Nascido em Bagé, frequentou os corredores do Instituto de Belas Artes de Porto Alegre, iniciando sua odisseia artística. Não demorou para que o seu dom inato o pavimentasse como membro do distinto Clube de Gravura de Porto Alegre.

Suas raízes profundas na xilografia e na linoleogravura, na década de 1950, narravam as crônicas dos costumes regionais, destilando uma voz própria e impactante. A magnitude de suas criações era tal que, ao lado de uma confraria que englobava Glauco Rodrigues, Danúbio Gonçalves e o mentor José Moraes, ele abriu um portal de intercâmbio artístico que transcendeu fronteiras, conectou-se com mentes criativas da Índia, Estados Unidos, União Soviética, Itália, França, Alemanha e México.

Em 1962, Darcy Ribeiro, então ministro da Educação, chamou Bianchetti para a recém-nascida capital. A missão era clara: contribuir para o corpo docente da Universidade de Brasília (UnB), a pedra angular do projeto visionário de Darcy.

Bianchetti aportou em Brasília e trouxe toda a família, dona Ailema – hoje com 97 anos – e os seis filhos pequenos. Aqui selou seu destino à terra que o abraçaria até os seus últimos dias. O artista gaúcho por nascimento, mas brasiliense por coração, inicialmente, atuou no curso de Arquitetura, além de ter sido o primeiro diretor do Ateliê de Artes Plásticas e do Setor Gráfico da UnB. Nos pilares da academia, o professor reverberava sua maestria nas artes, deixando marcas permanentes nos jovens que cruzavam seu caminho. Em 1965, entretanto, a Ditadura Militar lhe ceifaria esse papel e o colocaria atrás das grades.
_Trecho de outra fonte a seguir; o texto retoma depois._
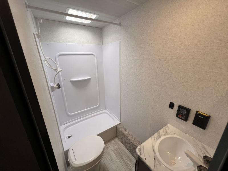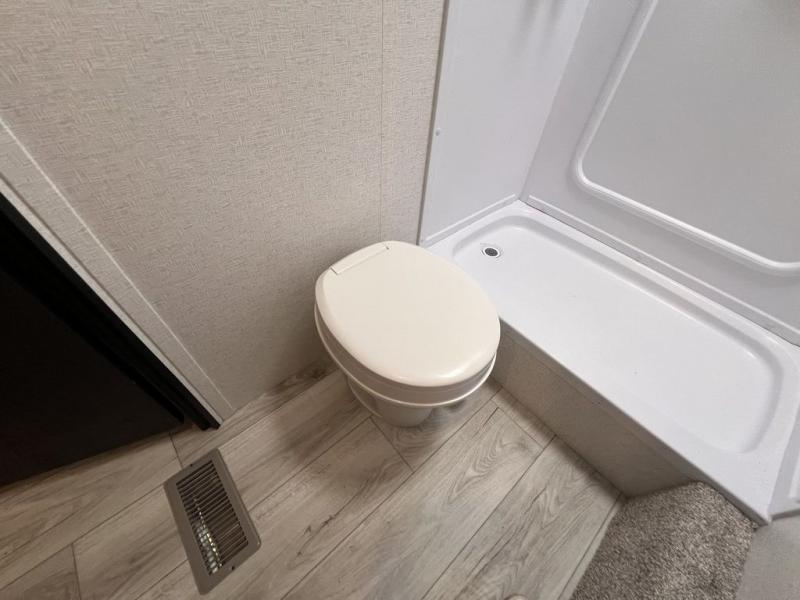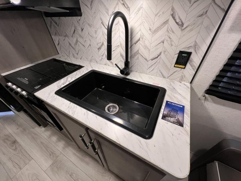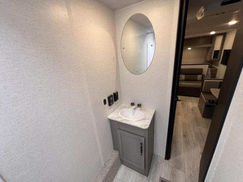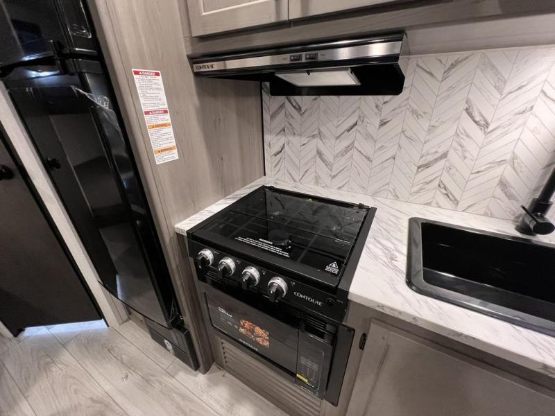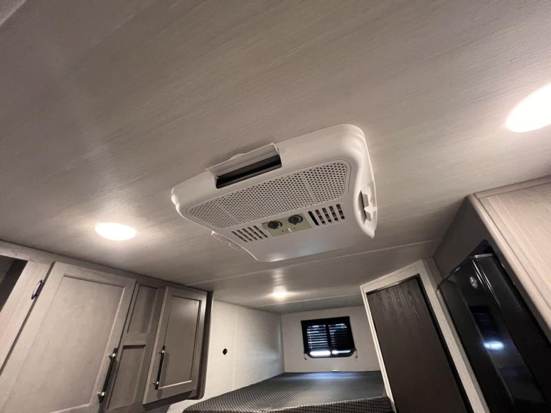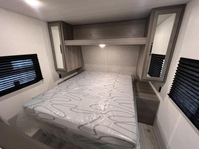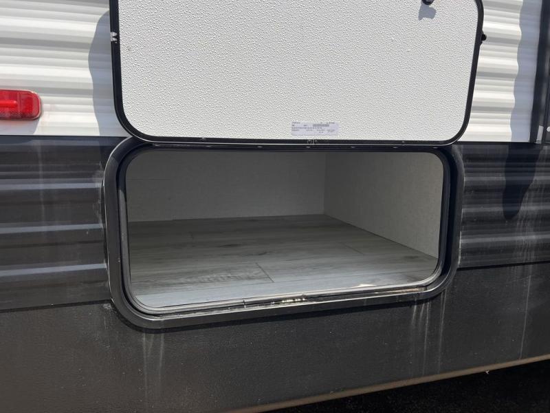 If you're looking for a travel trailer with a little more sleeping space, look no further than this unit! There are double-size bunks with inside and outside storage, a walk-around queen bed in the front bedroom, plus a sofa and booth dinette for even more sleeping space. The kitchen comes with a cooktop to cook meals on, a sink for clean up, and a 10 cu. ft. 12V refrigerator to store the milk and eggs. You will also find TV prep in this model if you enjoy movie nights while at the campground.
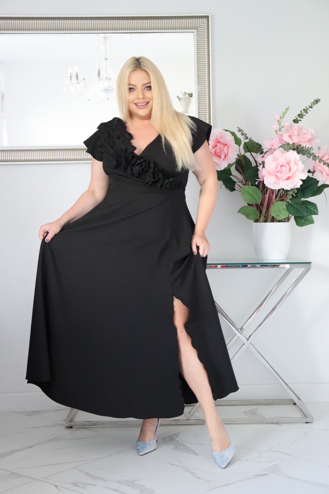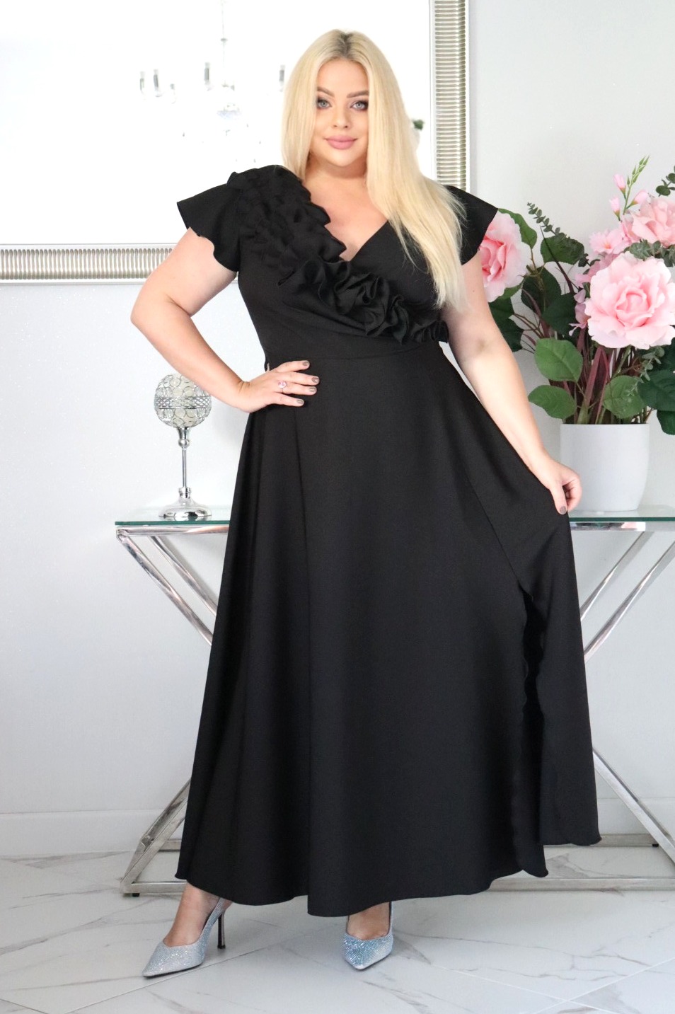 Największym atutem sukienki jest efektowna, ręcznie naszywana falbana w formie rozkwitającego kwiatu, która nadaje kreacji luksusowy, butikowy charakter. To detal, który przyciąga spojrzenia i wyróżnia model na tle klasycznych sukienek okolicznościowych.

Bianchetti seria um dos últimos professores a sair da prisão. Anos se passaram até que fosse reintegrado ao corpo docente da UnB, retornando em 1988. Durante o intervalo, o seu caminho artístico floresceu. Ele desempenhou um papel crucial na fundação do Museu de Arte de Brasília. Suas obras também cruzaram oceanos, marcando presença no Salão de Maio em Paris, em 1973. Cinco anos depois, teve um de seus trabalhos escolhidos para homenagear o então presidente francês Giscard d’Estaing, durante uma visita ao Brasil.

Nos círculos artísticos, a notoriedade era inegável. Até mesmo Jorge Amado, em 1972, ergueu a voz para um elogio a Bianchetti, escrevendo: “Sou um velho admirador da arte de Bianchetti, mestre inconteste da cor, tomando dela para fazê-la pão e vida, drama e ternura. Seus quadros me comoveram com sua luz profunda, tão buscada e conseguida, tão brasileira”.

O retorno à UnB marcou um renascimento repleto de júbilo. Glênio participou da criação do Instituto de Artes (IdA), na época chamado Instituto de Ciência e Arte, como parte do Conselho Universitário nº 017/88. Isso sucedeu um dos períodos mais tumultuados de sua vida, durante o qual sua bravura e luta política em prol da liberdade e democracia o fizeram conquistar merecidas condecorações. A década de 1990 o saudaria com honras, culminando em uma retrospectiva de sua carreira de cinquenta anos, realizada no Palácio Itamaraty em 1999.

Glênio Bianchetti encontrou voz também em palavras, graças ao trabalho de José Paulo Bertoni, que imortalizou sua jornada em um livro publicado em 2010. Seu percurso foi também eternizado em imagem, com o documentário de Renato Barbieri. Agora, dois grandiosos projetos estão a caminho para honrar seu nome: o Acervo Digital Glênio Bianchetti e a Casa Atelier Glênio Bianchetti, transformando o espaço em um oásis de criação e pesquisa pública.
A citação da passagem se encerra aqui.